You may be surprised to hear that two adults are looking after 70 children, particularly if you know recommended ratios for carer-child in other parts of the world.  But such ratios are culturally and ideologically constructed.  In this family, for that is what it palpably is, every young person grows up within an ethos that encourages mutual care and responsibility.  Those readers who can recall the era of large nuclear families will know that older siblings (particularly girls) were often the main carers for younger members of the family.

And this ethos permeates the place, whether the responsibility is for the premises, games, food, health care, tasks or jobs.  Every day the young people gather twice for what you might call family prayers, and the young people take full responsibility for organising and running them.  It was moving to be part of such gatherings and reminded me of similar occasions in the Camphill Community of Newton Dee near Aberdeen many years earlier.
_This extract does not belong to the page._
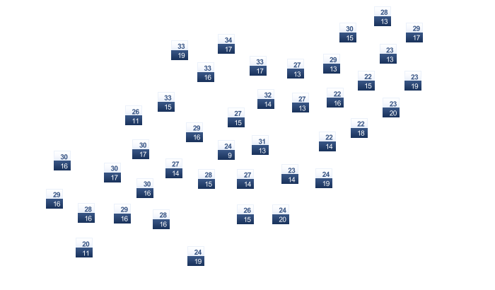 | 31 | 29 | 27 | 23 | 20 | 17 | 17 | 20 | 24 | 26 | 28 | 30 |

I spent time alongside the children, played football with the boys at 5.30 a.m. one morning (the earliest game of football in my life!), and watched them relating to each other in a range of different contexts and settings.  I also talked at some length with the parents and was moved by their clarity of purpose and integrity of life. 

Lessons for others

I only wish that the writers of documents critiquing children’s homes could come and live in a place like this and experience the way in which love is growing in and between its young members.  To talk of a preference for family support, foster care, and adoption in such situations is to betray a fundamental ignorance of the whole context and realities of life.  I agree that there is no place like home, but who is to decide what they mean by home and where it is?  You can take it from me that this place was a real family home to these children and young people.  Surely we should listen to their views and accept their choice.

With this in mind, let’s return to the mountains.  Day by day the adults and children can see the Himalayas, towering above them, in varying hues, sometimes soothing, at others angry.  Whatever feelings and emotions the mountains evoked in me as I gazed at them for an hour or more as the clouds temporarily opened, for the children and carers they represent a constant reminder of their homeland.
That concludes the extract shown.